Chronic SIV infection induces differentiation and accumulation of cytotoxic CD16+ NK cells in lymph nodes followed by transmigration to the mucosae


Natural killer (NK) cells inhibit lentiviral replication both directly and indirectly, but substantial evidence also indicates HIV/SIV can induce NK cell dysfunction. NK cells can be subdivided based on expression of CD56 and CD16. In blood, cytotoxic CD16+ NK cells are the dominant subpopulation, while cytokine-secreting CD56+ and double-negative (DN) NK cells are the primary NK cells found in lymph nodes (LN). Furthermore, CD56+ and DN NK are thought to be precursor populations, whereas CD16+ NK cells are terminally differentiated. The effects of HIV/SIV infection on NK cell distribution, trafficking, and development are unclear.


Macaque NK cells were isolated from blood, LN, and mucosal tissues of naive and chronically SIV-infected animals and then analyzed phenotypically by surface and intracellular flow cytometry, evaluated functionally by ICS and in a direct killing assay against MHC-devoid 721.221 cells. In situ analyses were performed by immunohistochemistry.
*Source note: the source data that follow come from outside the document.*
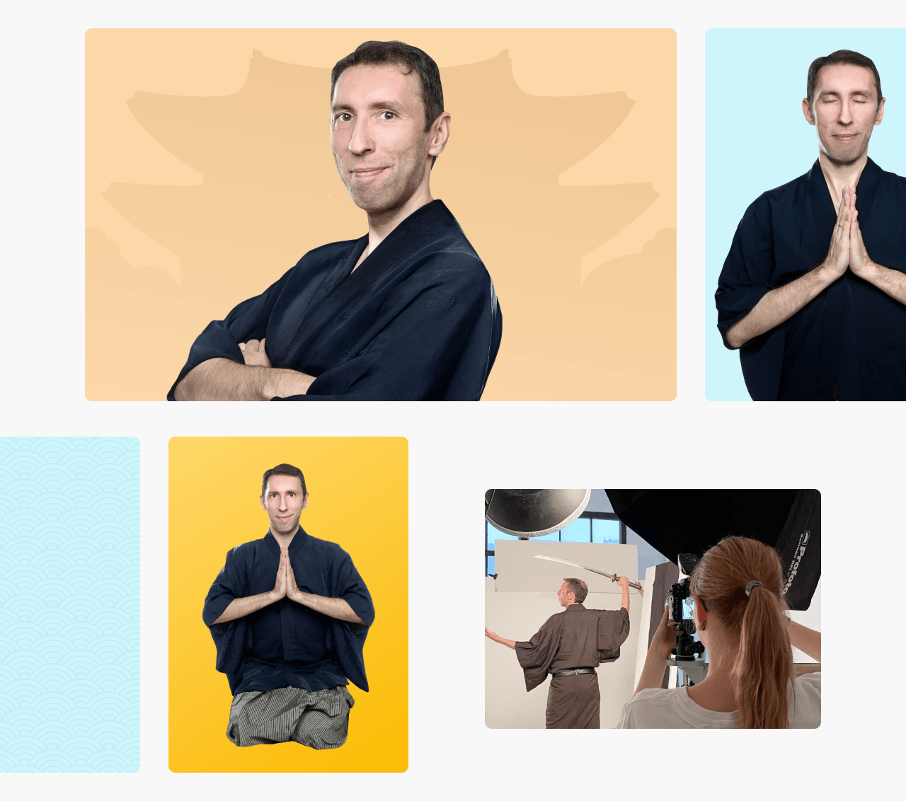 По концепции «Первого экрана» Ренат - настоящий самурай экспертизы по Японии, с катаной на фоне японского замка готов безжалостно разделаться со всеми вопросами клиентов о том, как попасть в страну восходящего солнца!
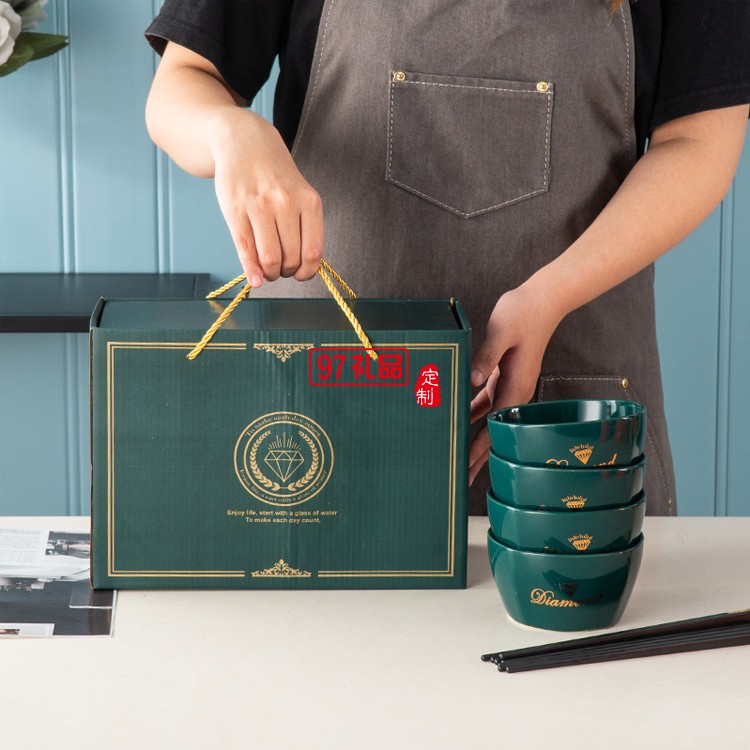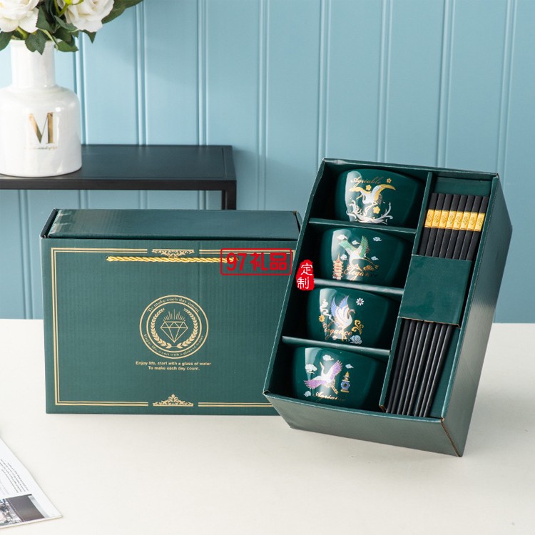 國(guó)潮風(fēng)開(kāi)業(yè)活動(dòng)禮品碗筷套裝方碗陶瓷餐具禮盒套裝碗
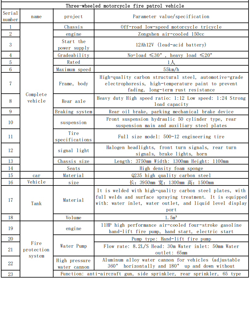 Kənd yollarının aşağı dərəcəsi və yanğınsöndürmə stansiyalarından olan uzun məsafədə, üç təkərli yanğın motosikleti şəhərsalma peşəkar yanğınsöndürmə briqadalarının əsas avadanlıqları kimi istifadə edilə bilər. İki təkərli nəqliyyat vasitələrindən daha çox tədarük edə bilər və dörd təkərli yanğınsöndürən maşınlardan daha çox mürəkkəb yol şəraiti üçün daha uyğunlaşa bilər, "Yaxınlıqdakı polis göndərmə və sürətli atılma".
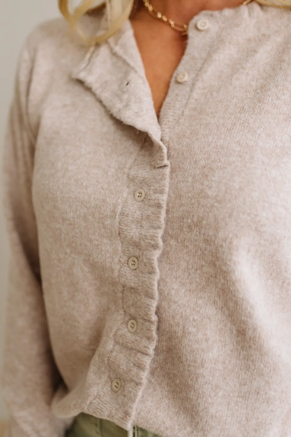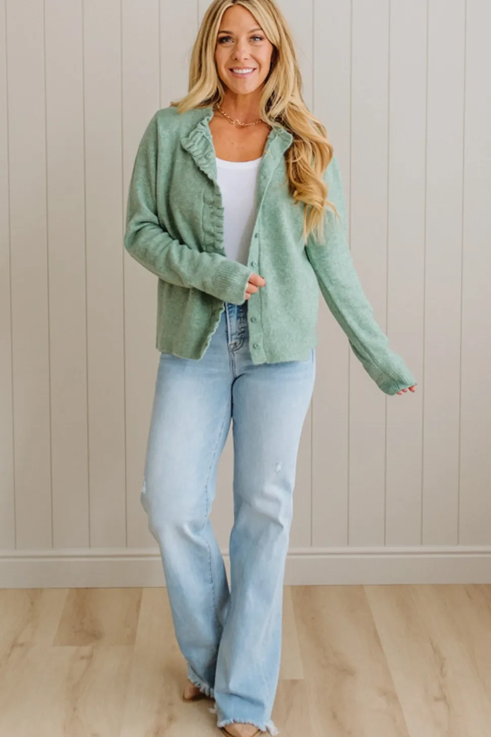 Like a warm hug with a feminine twist—this is the cardigan you’ll reach for on crisp mornings, coffee catchups, and cozy nights in. The Ruffle Trim Cardigan brings softness and charm with every detail, from the delicate frill along the neckline to the luxe knit blend that feels like a cloud against your skin.
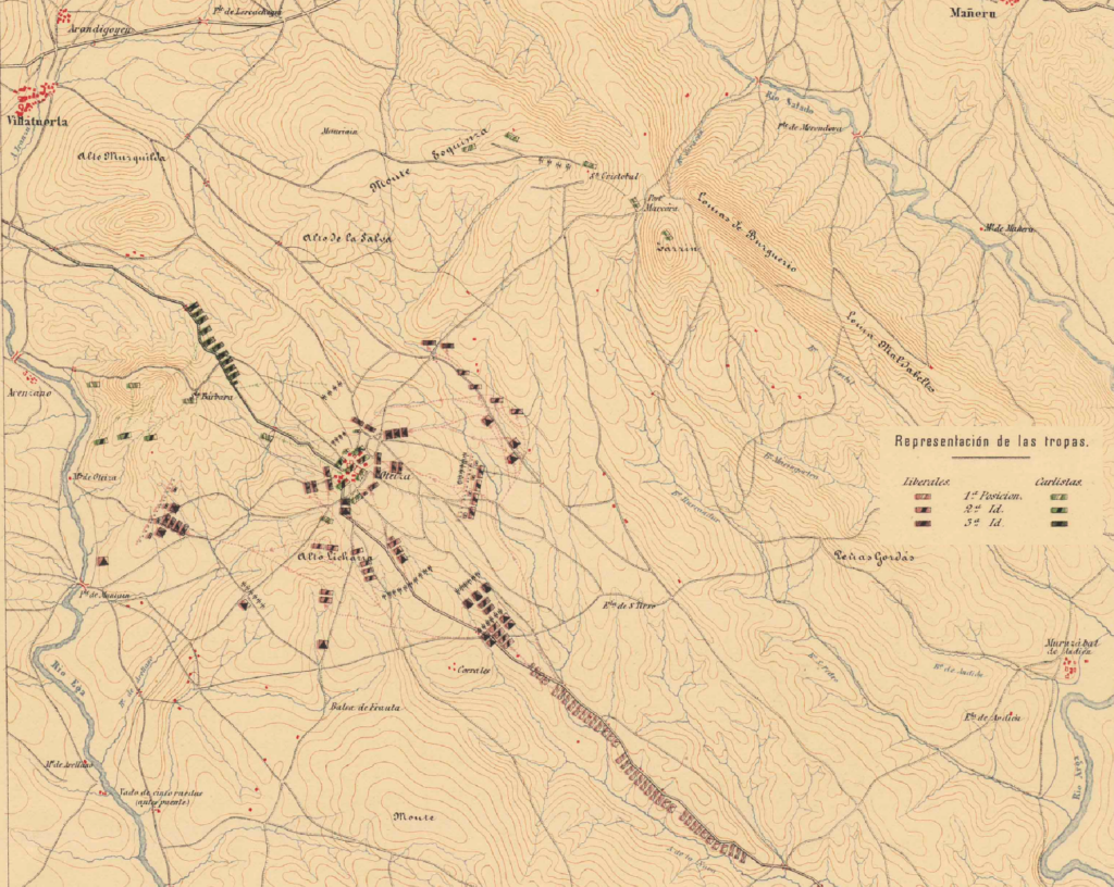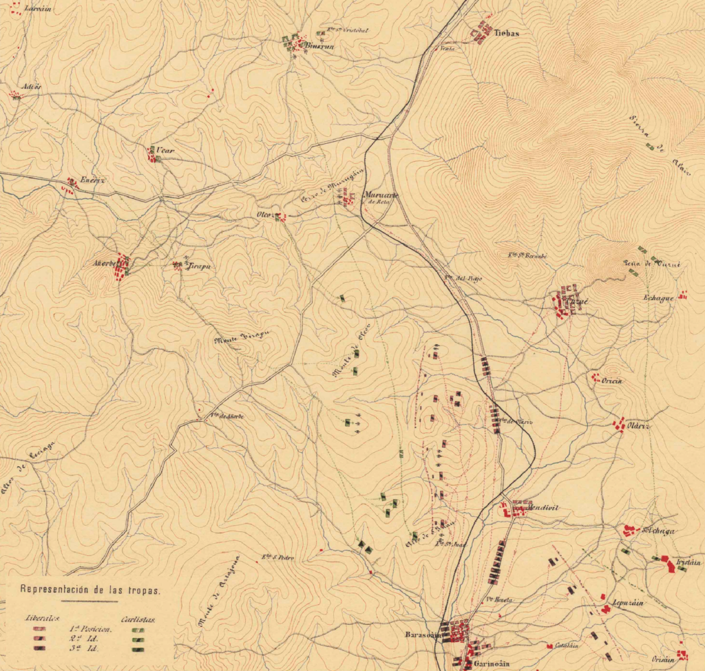 Dos batallones de infantería con unos cuantos caballos se establecieron en posición para impedir todo el ataque carlista por esa banda.
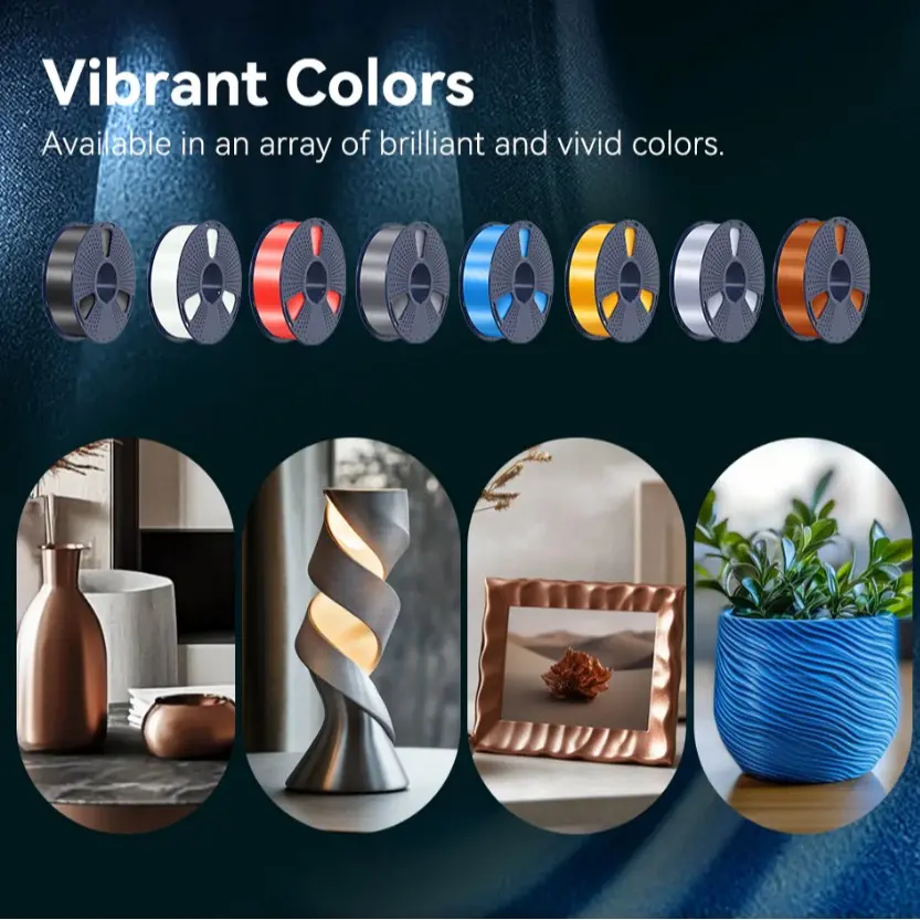 [SUNLU Shiny SILK PLA+ Filament] SUNLU SILK PLA PLUS filament offers a stunningly smooth finish that surpasses standard PLA PLUS. Its silky, glossy surface requires no post-print polishing, making it ideal for artistic and craft projects. This filament adds a luxurious sheen to any 3D print, enhancing your creations with a brilliant silk-like appearance.
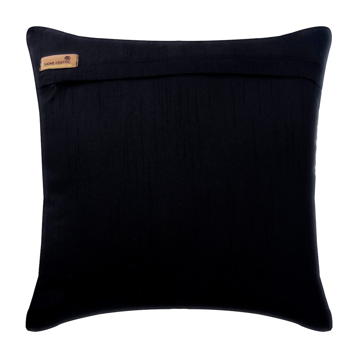 Color Block & Pintucks Black Art Silk 16"x16" Pillow Case, Dark Secret
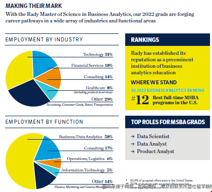 加州大学圣地亚哥分校商业分析硕士2022届毕业生就业数据如下:
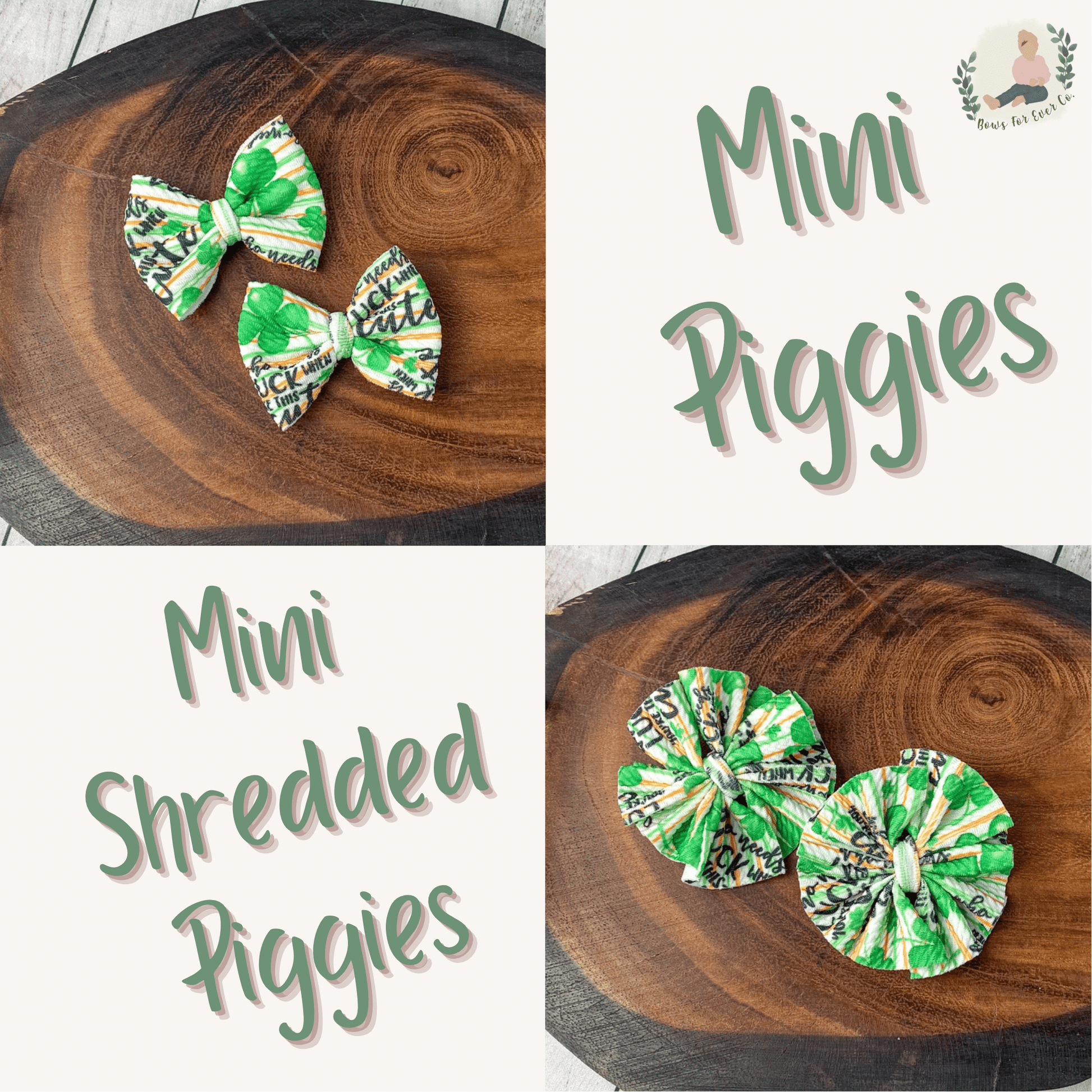 Big Bows are approximately 5 in. and Mini Piggies are approximately 2.5 in. and are sold as a set of 2.
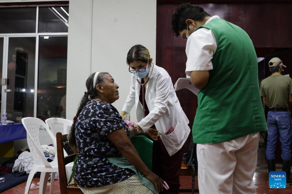 A woman receives medical treatment at a shelter for flood victims in the city of Poza Rica, Veracruz state, Mexico, Oct. 12, 2025. (Photo by Francisco Canedo/Xinhua)
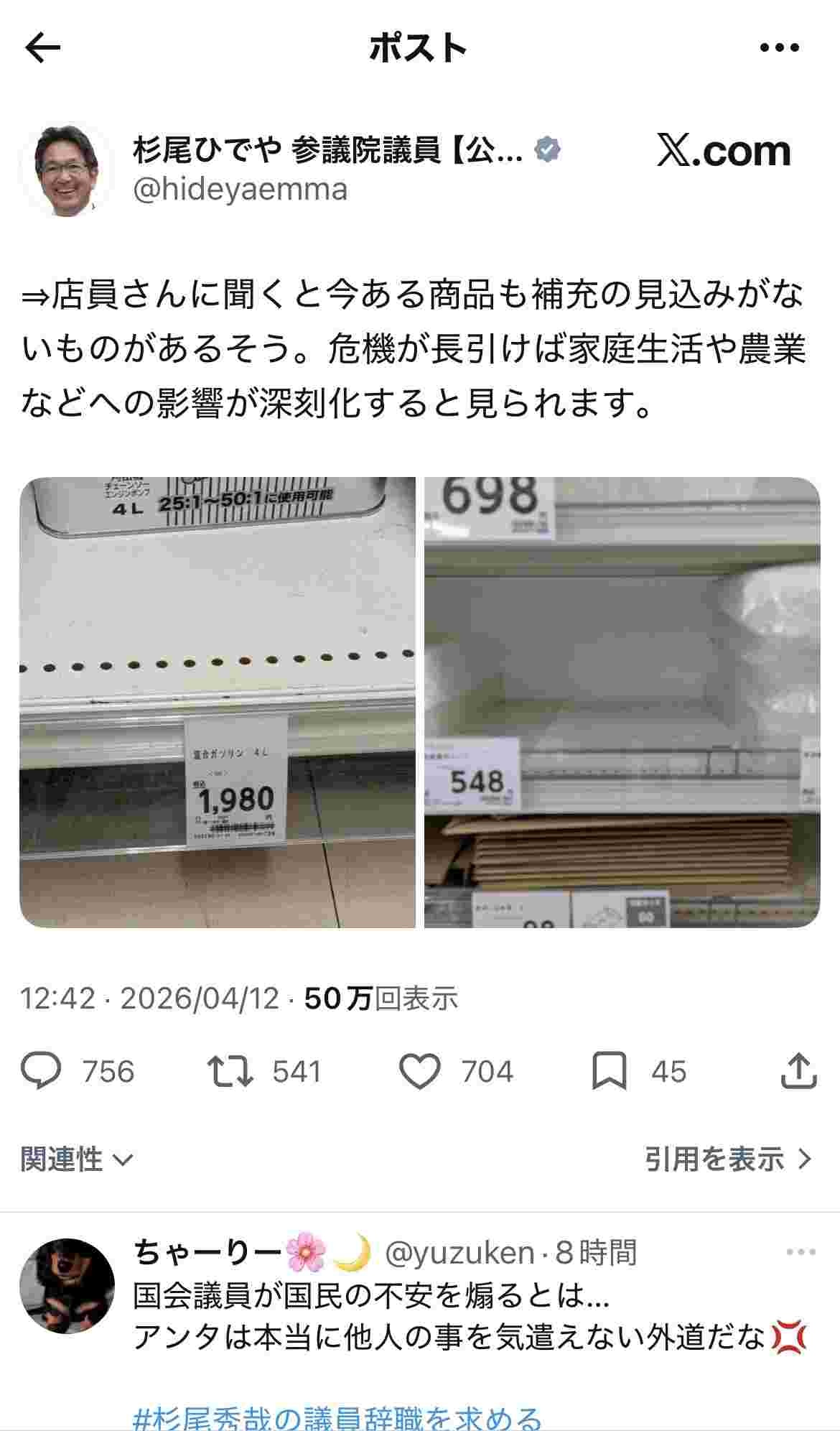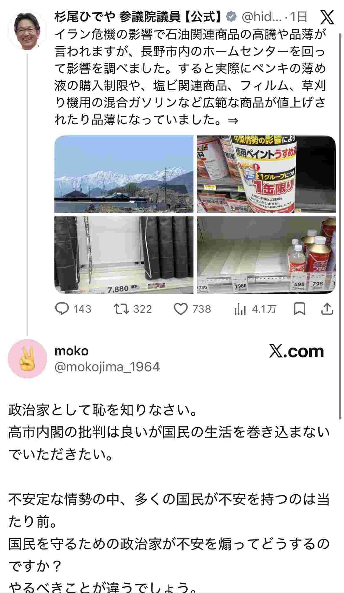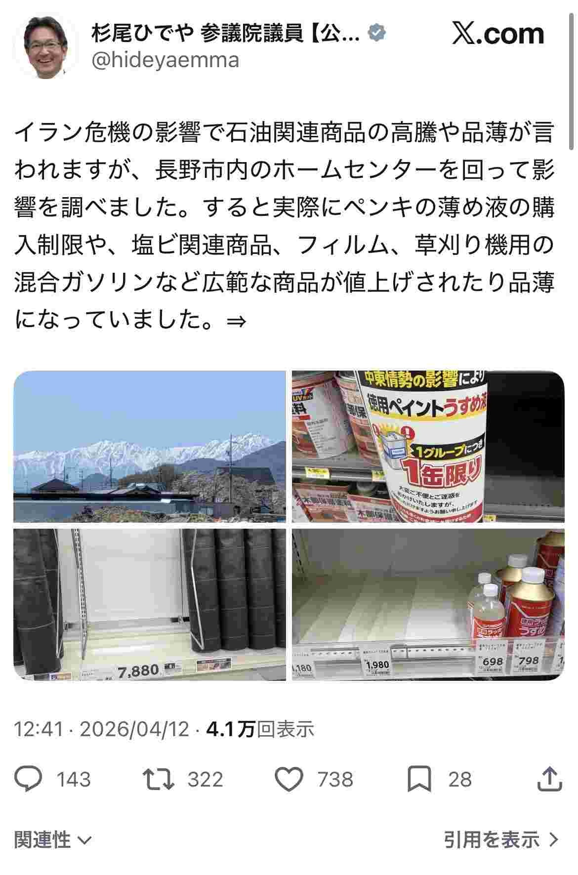 今回のTOTOなどのケースは会社自身が公に発表したものですが、その他の業種でも供給停止や価格急騰が発生しています。NHKの日曜討論で赤沢大臣はAIも使ってネット上の供給不足情報なども把握しているとおっしゃっておられましたので、直接寄せられた事実は政府に伝えるとともに、引き続きポストもしていきます。

In peripheral blood of chronically infected animals, we found a specific expansion of CD16+ NK cells, coupled with high frequencies of cytotoxic perforin+ CD16+ NK cells in LN, where they are normally absent. Interestingly, classic LN-trafficking molecules, CD62L and CCR7, were downregulated to undetectable levels on blood and LN CD16+ NK cells, suggesting they did not migrate from extralymphoid tissues. Furthermore, the putative NK cell precursors, CD56+ and DN NK cells, exhibited increased proliferation and activation, providing a potential source of differentiated CD16+ NK cells. CD16+ NK cells in LN also upregulated the mucosa-trafficking marker, α4β7, correlating with increased frequencies of cytotoxic CD16+ NK cells in colorectal and jejunum tissues of infected animals.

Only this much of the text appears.